We have no assurance that future financing will be available to us on acceptable
terms. If financing is not available on satisfactory terms, we may be unable to
continue, develop or expand our operations. Equity financing could result in
additional dilution to existing shareholders.
COVID-19
In December 2019, a novel strain of COVID-19 was reported in China. Since then,
the COVID-19 has spread globally including across North America and the United
States. The spread of COVID-19 from China to other countries has resulted in the
World Health Organization (WHO) declaring the outbreak of COVID-19 as a
"pandemic," or a worldwide spread of a new disease, on March 11, 2020.

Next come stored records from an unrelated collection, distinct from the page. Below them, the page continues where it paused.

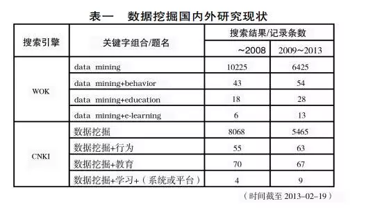数据挖掘技术进入教育领域相对较晚,研究人员的兴趣主要集中在开发研究与分析教育情境下的海量数据的技术工具,如数据挖掘帮助提升高校学生的记忆力(Zhang et al.,2010)、数据挖掘在基础教育课程评估中的应用(Hung et al.,2012),而基于e-learning的数据挖掘研究则是近年来的研究前沿。譬如,在e-learning系统应用数据挖掘,协助学生完成个性化学习(Sun & Xie,2009)、改善自适应学习的效用(Chellatamilan et al.,2011)、提升学生的学习绩效(Banu & Ravanan,2012)、研究学生行为和认知风格(Jovanovic et al.,2012)。
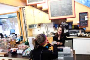 We’re an organically-minded café serving fresh fruit smoothies, homemade soup (in the winter) and grilled sandwiches and the famous $2 cookie, baked in-house daily.
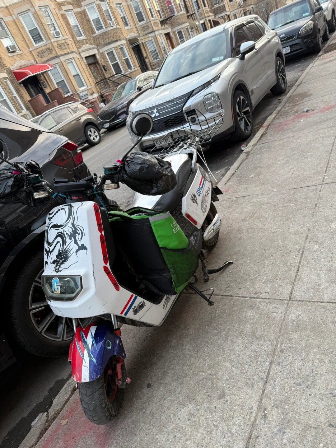 Electric Scooter with Dragon Decal and Delivery Bag
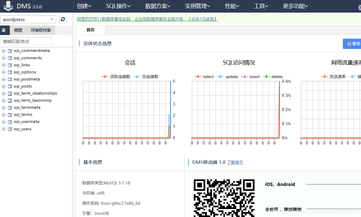 最后回到自建数据库界面输入公网ip,自己设置的数据库密码就可登录,登录后下图即是已经搭建好的数据库,也可看到相关数据库的运行实例,也可以进行数据库相应的操作。
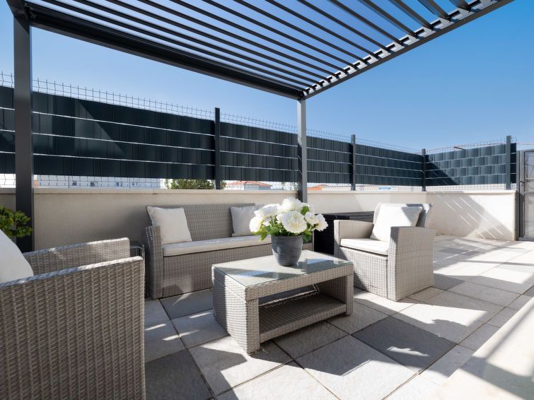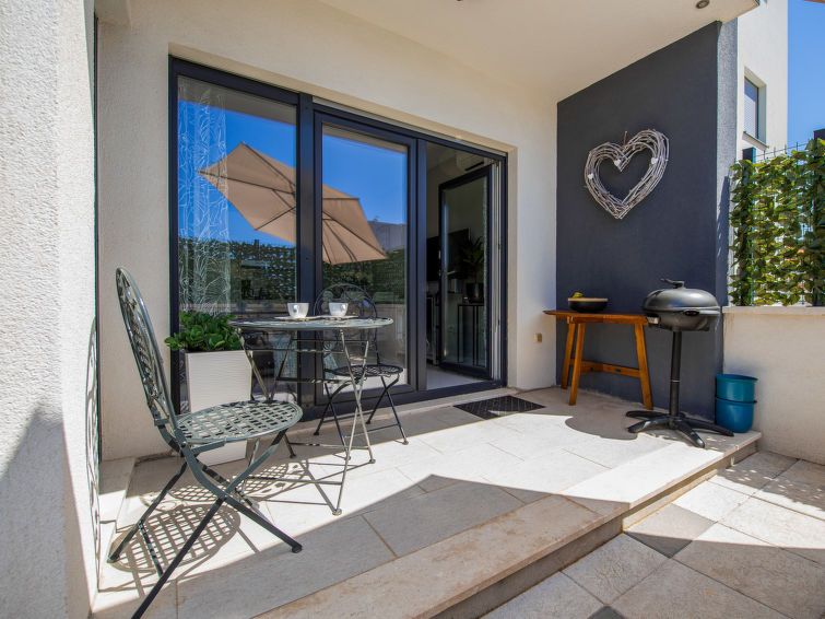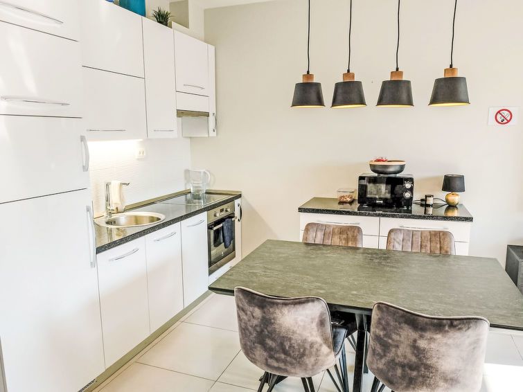 "Niki", 3-room apartment 50 m2, on the ground floor, south facing position. Renovated in 2023: living/dining room with satellite TV (flat screen), air conditioning. Exit to the terrace. 1 room with 1 french bed (160 cm, length 200 cm). 1 room with 1 french bed (180 cm, length 200 cm), satellite TV (flat screen).

Specifically, we caution that our business could be materially and adversely
affected by the risks, or the public perception of the risks, related to the
outbreak of COVID-19. To date, COVID has directly impacted the ability we have
to participate in trade show events and other in-person marketing. Although
retailers which may carry our products may be considered essential businesses
and therefore be allowed to remain operational, they may experience
significantly reduced demand. The risk of a pandemic, or public perception of
the risk, could cause customers to avoid public places, including retail
properties, and could cause temporary or long-term disruptions in our supply
chains and/or delays in the delivery of our inventory to our customers. Further,
such risks could also adversely affect retail customers' financial condition,
resulting in reduced spending on our products, which are marketed as premium
products. "Shelter-in-place" or other such orders by governmental entities could
also disrupt our operations, if our employees or the employees of our sourcing
partners who cannot perform their responsibilities from home, are not able to
report to work. Risks related to an epidemic, pandemic, or other health crisis,
such as COVID-19, could also lead to the complete or partial closure of one or
more of our co-packing facilities or operations of our sourcing partners.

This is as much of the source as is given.